In January 2010, Iliev signed for CSKA Sofia, but struggled to get into the main squad and spent loan spells at Minyor Pernik and Pirin Blagoevgrad, before joining Montana on a permanent basis in August 2011.

After one season with Montana, Iliev joined Lokomotiv Sofia, where he spent two seasons before moving to Poland to sign for Wisła Płock in 2014. In 2015–16, his second season with the club, Iliev helped Wisła achieve promotion to the Ekstraklasa. He spent three full seasons with Wisła before moving to Podbeskidzie Bielsko-Biała in 2017 where he spent one season.
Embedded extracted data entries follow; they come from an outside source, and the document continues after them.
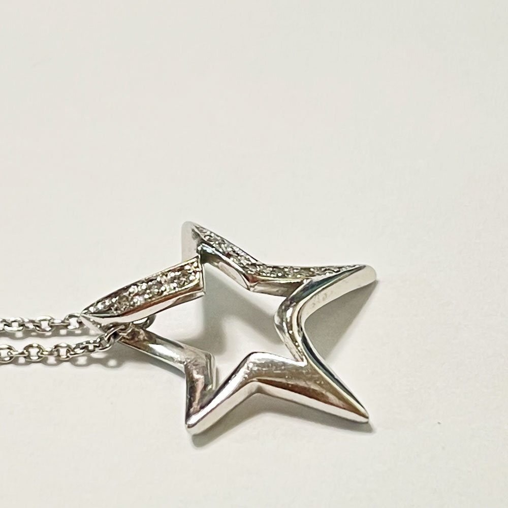 ブランド名 STARJEWELRY スタージュエリー 説明 星のデザインのネックレスです。ダイヤモンドもあしらわれた可愛いネックレスです。ホワイトゴールドカラーのジュエリーです。
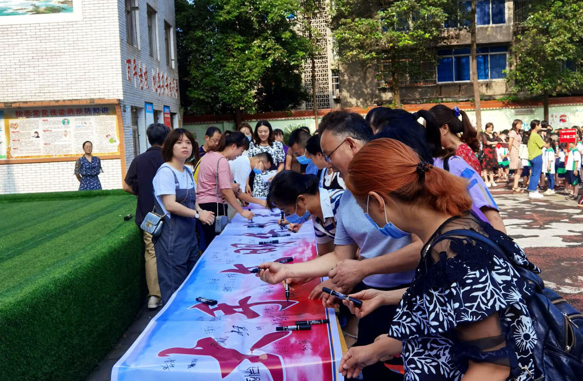 在城东小学,“小手拉大手 文明伴成长”主题教育活动在开学首日启动。全校师生依次在主题横幅上签下自己的名字,承诺做一名文明的践行者和传播者。
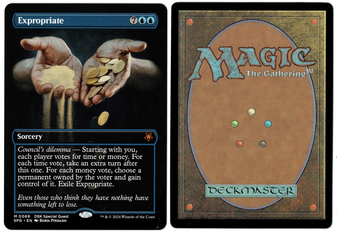Council’s Dilemma — Starting with you, each player votes for time or money. For each time vote, take an extra turn after this one. For each money vote, choose a permanent owned by the voter and gain control of it. Exile Expropriate.
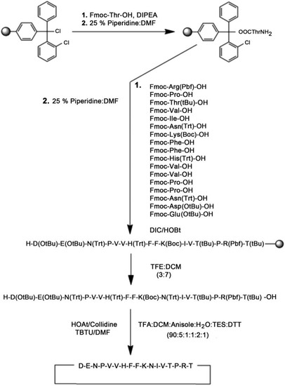 Schematic representation of the solid-phase peptide synthesis of a cyclic MBP82–98 peptide.
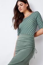 חצאית מבית המותג GOTTEX, חצאית מעטפת קצרה מבד לייקרה חאקי עם כיווצים בצד וקשירה בסיומת, חלק עליון נמכר בנפרד בד: 77% פוליאמיד 20% אלסטן
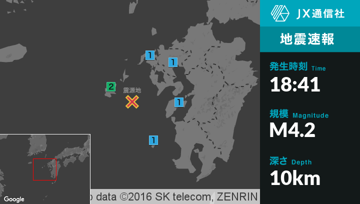 | 震度1 | 平戸市, 松浦市, 上峰町, 天草市, 薩摩川内市甑島 |
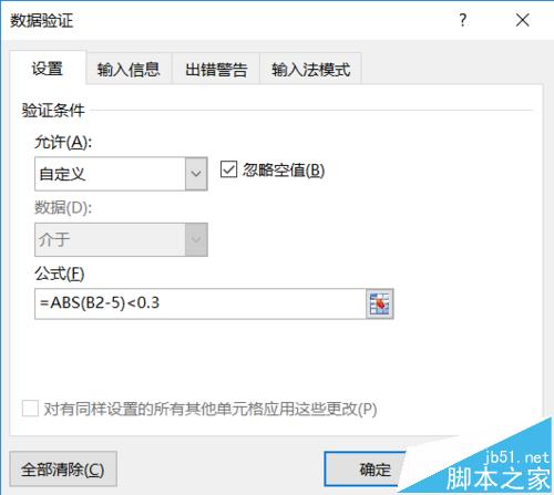 5、在设置中【条件】选择:自定义【公式】输入:=ABS(B2-5)<0.3,然后点击确定
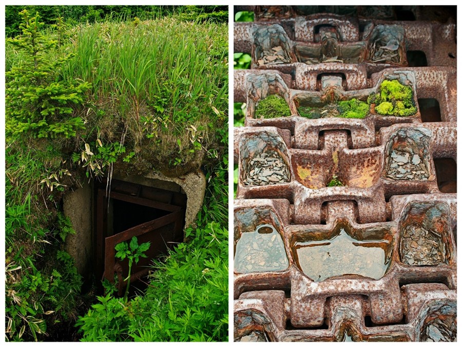 В конце 70-х танки поднялись наверх, после чего их двигатели демонтировали, а в моторных отсеках разместили дополнительный боекомплект. До 1994 года все здесь было в полной боеготовности, жили люди, проходили учения, пристреливали орудия. Сегодня остатки жилых и служебных помещений, опоры ЛЭП, спортплощадка, аппарели и траншеи, соединяющие капониры, заросли бамбучником, а основная дорога, ведущая на высоту 219 м — ольхой. К счастью, есть альтернативная — от устья реки Анама, крутая, но короткая.
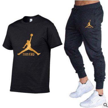 跨境服裝男式短袖套裝時尚棉質t恤套裝23印花休閑t恤運動套裝
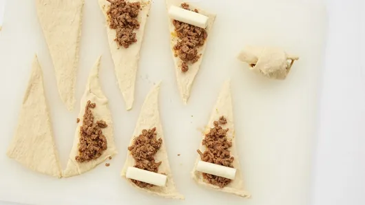 Step2Heat oven to 350° F. Separate each can of dough into 8 triangles. Top each with 2 heaping teaspoons turkey mixture, covering two-thirds of the dough. Leave space on all edges. Place half a cheese stick on widest end of each triangle. Fold outer corners in over cheese, then roll up, ending at tip.
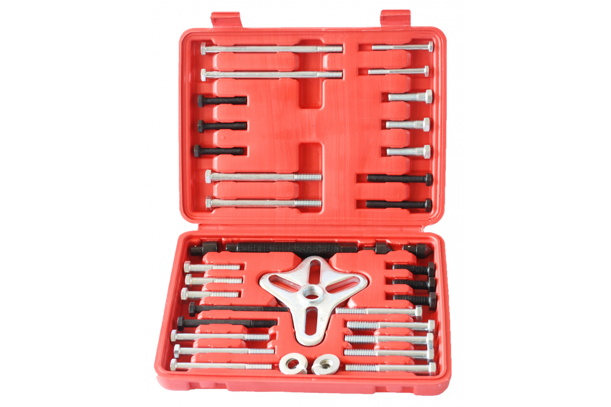 Используется для снятия шкивов различной конфигурации. Принцип работы: Силовой болт вкручивается в центральное отверстье адаптера. Для удобства, на силовой болт возможно установить одну из трёх центрующих насадок. В отверстья шкива вкручиваются два или три подходящих болта через адаптер. Далее с помощью торцевой головки или гаечного ключа на 19 мм вращаете силовой болт, тем самым стягивая шкив с его оси. Особенности: Набор удобен в работе и, благодаря различным фиксирующим болтам и центрующим насадкам, является универсальным. Подходит для большинства марок и моделей легковых автомобилей. Комплект набора: Силовой болт (общая длина 130 мм) - 1 шт. Адаптер основной - 1 шт. Фиксирующие болты с различной длиной, диаметра и шагом резьбы - 30 шт. Шайбы - 11 шт. Насадка центрующая с выемкой - 1 шт. Насадка центрующая большая с конусом наружным - 1 шт. Насадка центрующая малая с конусом наружным - 1 шт. Инструкция - 1 шт. Коробка картонная с пластиковым ложементом - 1 шт. Использование набора допускается только квалифицированным персоналом с соблюдением техники безопасности!
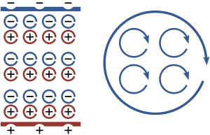 When an electric field is applied to a dielectric material its molecules respond by forming microscopic electric dipoles—their atomic nuclei move a tiny distance in the direction of the field, while their electrons move a tiny distance in the opposite direction. This produces a macroscopic bound charge in the material even though all of the charges involved are bound to individual molecules. For example, if every molecule responds the same, similar to that shown in the figure, these tiny movements of charge combine to produce a layer of positive bound charge on one side of the material and a layer of negative charge on the other side. The bound charge is most conveniently described in terms of a polarization, P, in the material. If P is uniform, a macroscopic separation of charge is produced only at the surfaces where P enter and leave the material. For non-uniform P, a charge is also produced in the bulk.
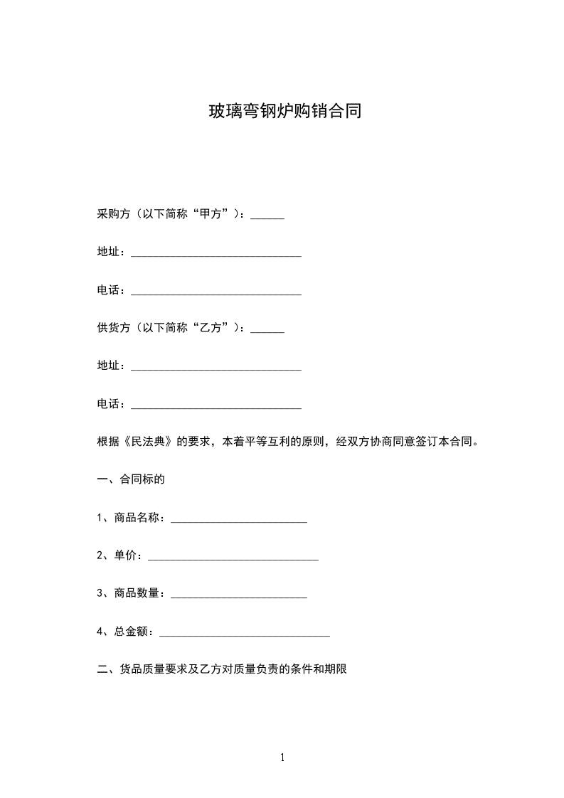 依据《中华人民共和国民法典》及相关法律法规,本着互惠互利、合作共赢的原则,经甲乙双方友好协商,现就供方购买需方__________________事宜达成如协议:
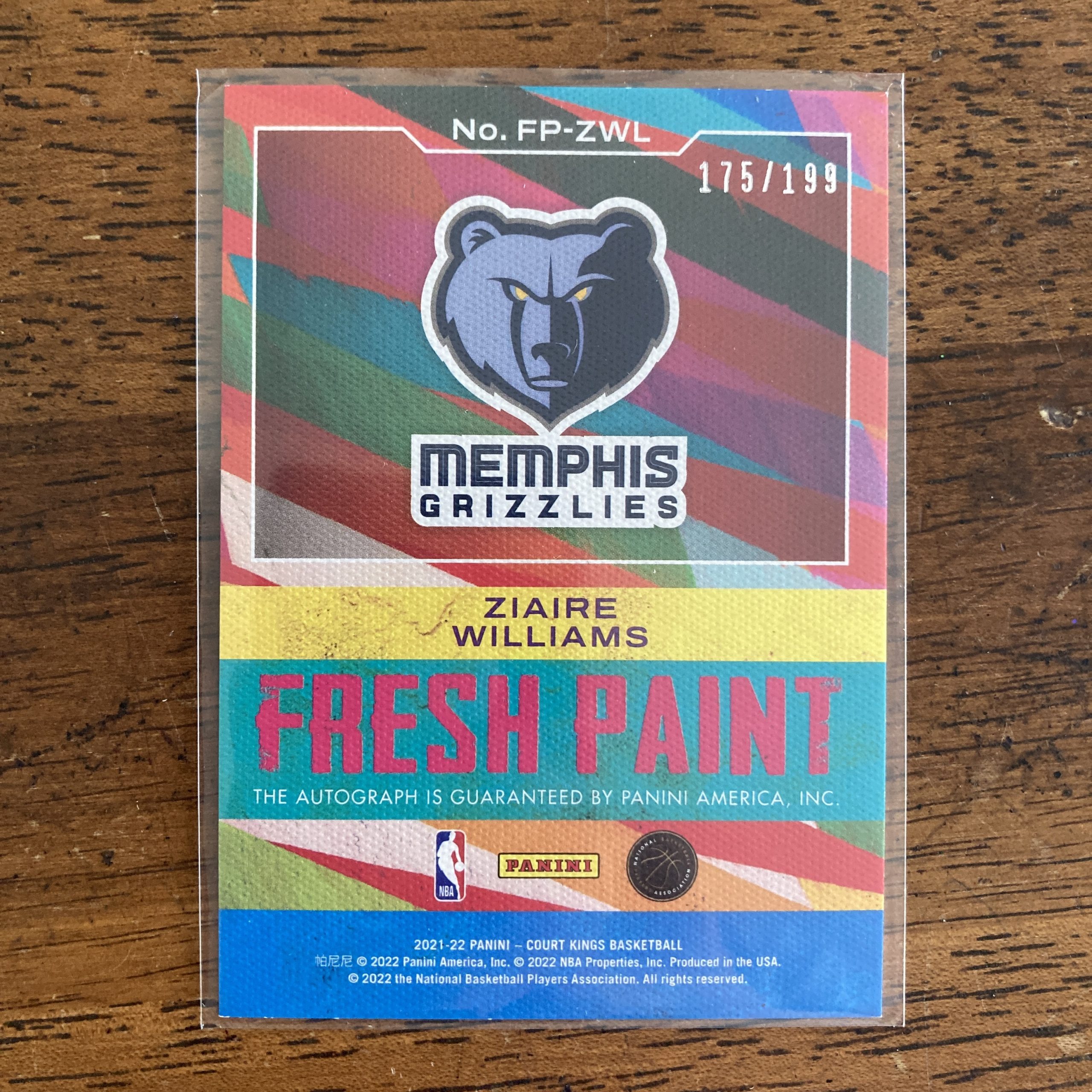 Curated pack of five different Ziaire Williams basketball cards including 2021-22 Panini Court Kings SP Fresh Paint auto (serial numbered 175/199) insert rookie card #FP-ZWL, 2021-22 Panini Prizm base rookie card #313, 2021 Panini Chronicles Donruss Draft Picks Rated Rookie base rookie card #41, 2021-22 Hoops base rookie card #211, and 2023-24 Panini Mosaic Silver Mosaic Prizm card #173. Nice little instant collection bundle of cards for a basketball fan! You will receive all of the exact cards pictured. Each card will be in a penny sleeve and top loader and they will come in a small pack (team bag) with cover graphic as pictured. Will be shipped very well protected!
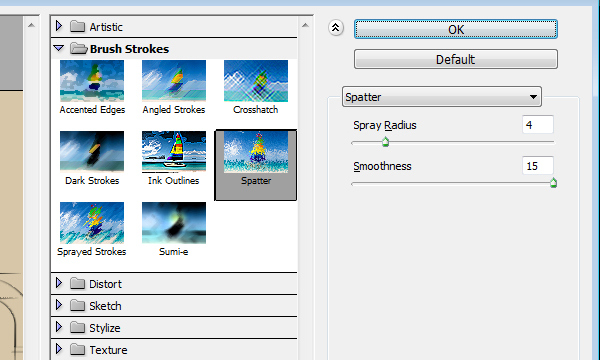 Go to Filter -> (Filter Gallery) -> Brush Strokes -> Spatter. Change the Spray Radius to 4 and the Smoothness to 15.

On 16 July 2018, Iliev re-joined Lokomotiv Plovdiv, signing a two-year contract. At the end of the season he lifted the Bulgarian Cup as a captain of his childhood team. The 1–0 win against local rivals Botev Plovdiv was achieved with the only goal in 73rd minute scored by Alen Ožbolt (assist by Ante Aralica and pre-assist by Iliev himself). It happened to be the first Bulgarian Cup trophy for Lokomotiv as well as the 1st ever trophy in Iliev's career. On 2 August 2020, Iliev scored a last-minute goal against Ludogorets Razgrad, helping his team to a 1–0 win and a Bulgarian Supercup triumph.

==International career==
In November 2019, Iliev received his first call up to the national team for the friendly match against Paraguay and the UEFA Euro 2020 Qualification match against the Czech Republic, but remained an unused substitute for both games. He earned his first cap on 26 February 2020, playing the first half of the 0–1 home loss against Belarus in a friendly game.

==Career statistics==
===Club===

Appearances and goals by club, season and competition
Club: Season; League; Cup; Continental; Other; Total
Division: Apps; Goals; Apps; Goals; Apps; Goals; Apps; Goals; Apps; Goals
Lokomotiv Plovdiv: 2004–05; A Group; 3; 0; 0; 0; 0; 0; —; 3; 0
2005–06: 11; 0; 1; 1; 0; 0; —; 12; 1
2006–07: 12; 3; 1; 0; 1; 0; —; 14; 3
2007–08: 9; 1; 2; 0; —; —; 11; 1
2008–09: 25; 7; 1; 0; —; —; 26; 7
2009–10: 13; 3; 0; 0; —; —; 13; 3
Total: 73; 14; 5; 1; 1; 0; 0; 0; 80; 14
CSKA Sofia: 2009–10; A Group; 0; 0; 0; 0; 0; 0; —; 0; 0
2010–11: 5; 0; 1; 0; 4; 0; —; 10; 0
Total: 5; 0; 1; 0; 4; 0; 0; 0; 10; 0
Minyor Pernik (loan): 2009–10; A Group; 14; 5; 1; 0; —; —; 15; 5
Pirin Blagoevgrad (loan): 2010–11; 12; 3; 1; 0; —; —; 13; 3
Montana: 2011–12; 27; 2; 0; 0; —; —; 27; 2
Lokomotiv Sofia: 2012–13; 26; 4; 5; 2; —; —; 31; 6
2013–14: 31; 6; 5; 0; —; —; 36; 6
Total: 57; 10; 10; 2; 0; 0; 0; 0; 67; 12
Wisła Płock: 2014–15; I liga; 32; 5; 0; 0; —; —; 32; 5
2015–16: 29; 3; 1; 0; —; —; 30; 3
2016–17: Ekstraklasa; 29; 3; 0; 0; —; —; 29; 3
Total: 90; 11; 1; 0; 0; 0; 0; 0; 91; 11
Podbeskidzie Bielsko-Biała: 2017–18; I liga; 23; 3; 3; 0; —; —; 26; 3
Lokomotiv Plovdiv: 2018–19; First League; 29; 9; 6; 2; —; —; 35; 11
2019–20: 27; 12; 7; 5; 4; 2; —; 38; 19
2020–21: 30; 13; 4; 3; 2; 1; —; 36; 17
2021–22: 31; 13; 3; 2; 4; 2; —; 38; 17
2022–23: 35; 4; 2; 0; —; —; 37; 4
2023–24: 33; 4; 2; 0; —; —; 35; 4
2024–25: 31; 8; 1; 0; —; 1; 0; 33; 8
Total: 216; 63; 25; 12; 10; 5; 1; 0; 252; 80
Career statistics: 517; 111; 45; 15; 15; 5; 1; 0; 578; 131

===International===
Scores and results list Bulgaria's goal tally first.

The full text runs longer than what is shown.